Hi Elizatbeth,

I can only offer you my best guess.

Considering that transfection is based on liposomes composed of cationic phospholipids, any surfactant will disturb/disrupt the liposomes even at very low concentration. More over a non anionic (Triton X100) or anionic surfactant (SDS) will also interfere with the charges of the liposomes.

You could also use anionic phospholipids which will decrease the binding of the liposomes with the negatively charged genetic material (that you want to transfect).

More generally, anything lipophylic will interfere with liposome formation; anything that mask/neutralize lipid charges will interfere with DNA-liposomes association and thereby transfection.

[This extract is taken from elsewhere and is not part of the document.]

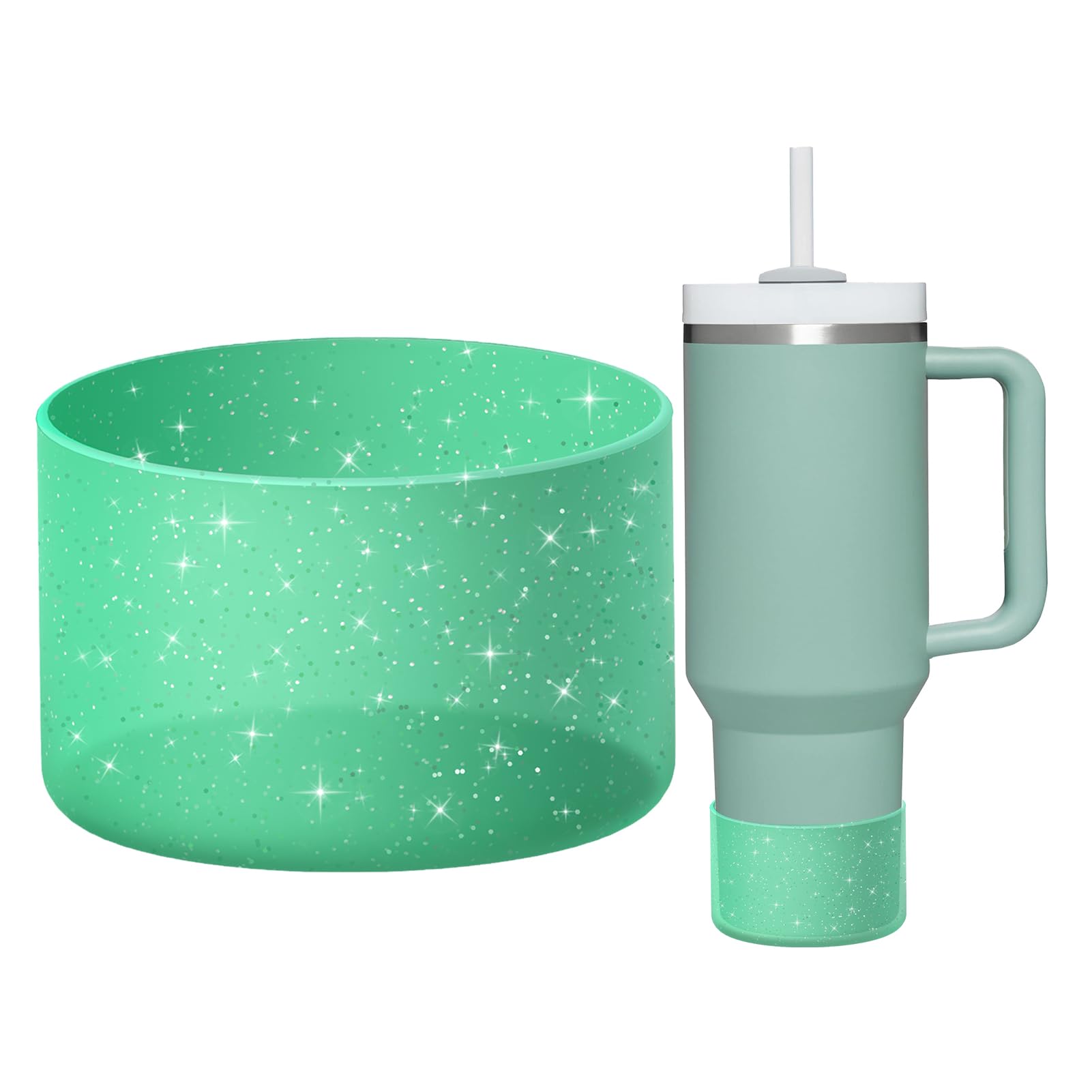 WUQID Protective Bling Silicone Boot Sleeve, Compatible with Stanley Tumbler 20-40oz & Hydro Flask Bottle 12oz-24oz, Glitter Reduces Dents Sleeve Cover for More Bottles/Tumblers Bottom of 2.83-2.95in

Well...those are wild assumptions.

Hi,

On cell culture level we have seen with peptide-based transfection systems that scavenger receptor inhibitors/blockers work by almost completely blocking the transfection.

Have a look: (1) Ezzat, K., Helmfors, H., Tudoran, O., Juks, C., Lindberg, S., Padari, K., El-Andaloussi, S., Pooga, M., and Langel, U. (2012) Scavenger receptor-mediated uptake of cell-penetrating peptide nanocomplexes with oligonucleotides. FASEB J. 26, 1172–80.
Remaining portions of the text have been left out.